J'avais décidé de faire ce voyage pendant les semaines enfermée chez moi.L'épidémie avait atteint les USA et chaque entreprise avait pris ses dispositions. Pour ma part, je travaillais dans un laboratoire de biologie, mon chef m'avait appelée en me disant que les expériences que je menais n'étaient pas prioritaires alors pour le moment il valait mieux que je reste chez moi à lire des publications et écrire des papiers, mais le temps restait long.J'étais souvent pensive, je regardais la photographie accrochée au-dessus de mon lit, prise près des falaises du Moher, des papillons volant dans le ciel. C'était presque la seule décoration qui ornait chez moi. Quand je l'avais mis ma mère m'avait dit « pourquoi tu t'infliges ça ? ». Je voyais ce tableau comme un travail de mémoire : C'était des événements que je devais me rappeler pour avancer. Mes parents voyaient plutôt ça comme une punition que je m'infligeais. Je les appelais de temps en temps pour leur demander des nouvelles et savoir comment se passer le confinement à Londres. Ça faisait longtemps que je ne les avais pas vus, mon travail prenait beaucoup de places dans ma vie et je téléphonais rarement à mes parents même si je les aimais. La période étant plus calme j'en avais profité et je m'étais rendu compte à quel point ils me manquaient. Puis un jour à 20 heures, pendant que les gens aux fenêtres applaudissaient le personnel médical, j'avais vu passer des papillons près de mon immeuble. Ils étaient de toutes les couleurs au milieu d'eux je vis un tout vert qui dépareillé avec les autres. J'étais convaincue que c'était un signe qu'il était temps que je retourne à Doolin.

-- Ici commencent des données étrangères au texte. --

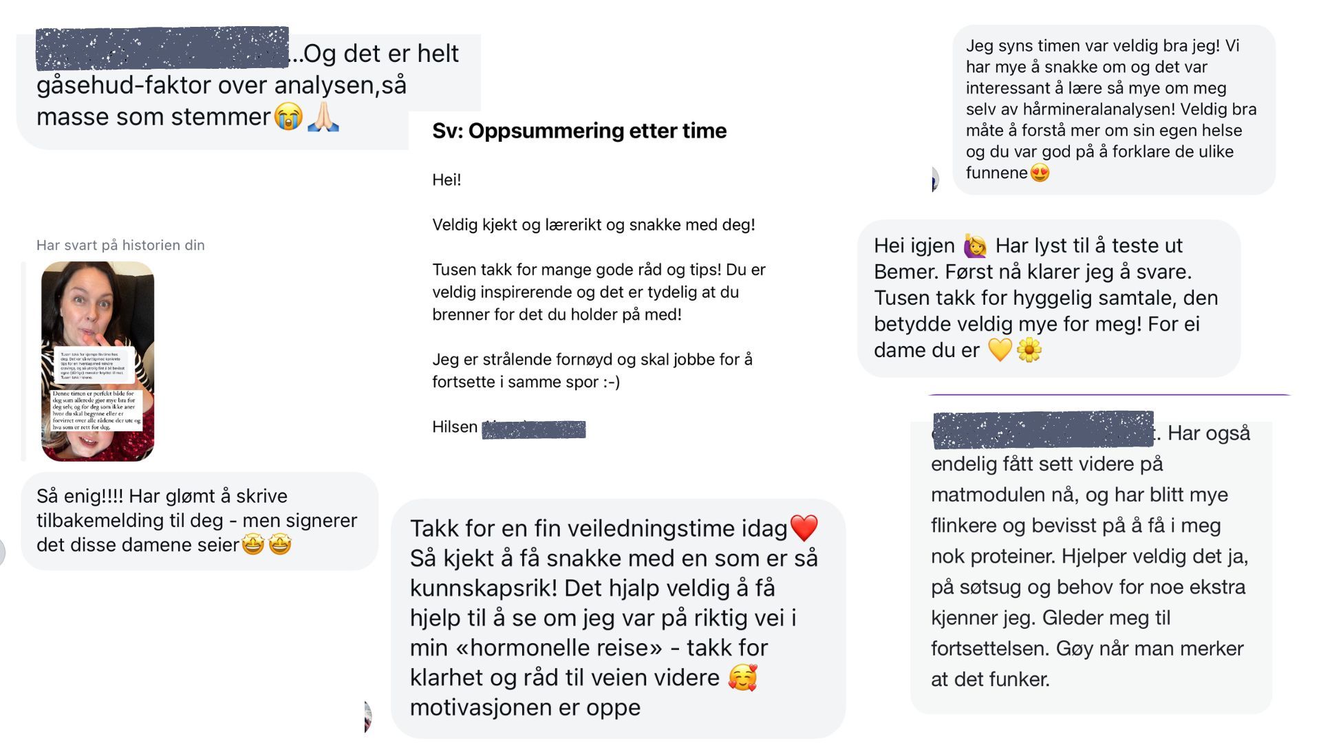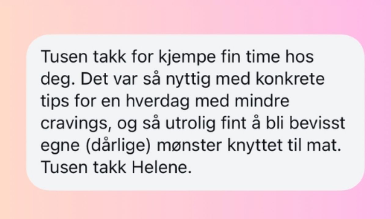 Samtalene kan brukes til å jobbe med søtsug og cravings, måltidsrytme, optimalt næringsinntak, blodsukker, stress, fordøyelse, hormonbalanse eller andre faktorer som er relevant for deg og din helse.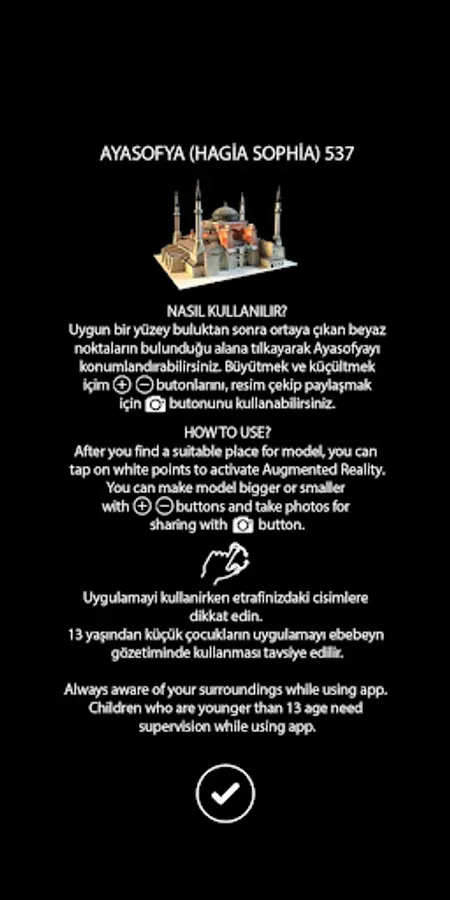 We bring Hagia Sophia, one of the living legends of the world, to your environment with Augmented Reality. You can define the model of Hagia Sophia in the area you want and you can examine this unique work in 3D and even take a picture as if you were next to it.

La vie avait repris peu à peu son cours et j'étais retournée au travail. Avec toutes les mesures qui étaient imposées, nous ne pouvions pas utiliser toutes les machines et nous ne pouvions pas être dans la même salle à plusieurs alors il fallait s'organiser et tout prenait plus de temps. Mon patron voulait que je finisse les papiers et les manips en cours avec le confinement alors je n'avais pas pu retourner à Doolin de suite. Au final je m'étais dit que c'était pour le mieux car je pouvais choisir une date qui marquerait plus : le 20 avril. C'était le jour où nous avions quittés la petite ville côtière d'Irlande pour ne jamais y retourner. Si la période de confinement était passée lentement, les mois suivants avaient défilé à une vitesse folle et le mois d'avril arriva vite. J'avais prévu de passer voir mes parents avant alors j'étais arrivée le 10 avril à Londres.

C'était la ville de mon enfance. Ma mère était née à Londres et avant de rencontrer mon père elle n'en était jamais partie. Mon père était né en France, mais il se disait lui-même « citoyen du monde » (en français dans le texte). Jeune il avait beaucoup voyagé avec ses amis et puis il était devenu militaire et avait continué à aller aux quatre coins du monde. Il avait fini par se poser à Londres, surtout parce qu'il avait rencontré ma mère.Un jour il nous avait annoncé que l'on allait devoir vivre quelques mois en Irlande à Doolin car il avait une mission. Nous n'avons jamais su vraiment ce que faisait mon père, il travaillait sûrement pour les renseignements, sauf qu'il ne nous l'avait jamais dit. Au début ma mère, dans l'énervement lui avait dit de partir tout seul, mais il lui répondit qu'il ne pouvait pas, un homme qui vient vivre loin de sa famille quelques mois ça pouvait avoir l'air louche. Louche pourquoi ? Il ne donna jamais la réponse à ma mère. Après des jours à s'engueuler ma mère accepta et pris un congé dans l'université où elle travaillait en tant que professeur d'anglais. On partit fin août pendant huit mois dans cette ville que personne ne connaissait. C'était il y a13 ans et je n'étais plus qu'à quelques kilomètres d'y retourner.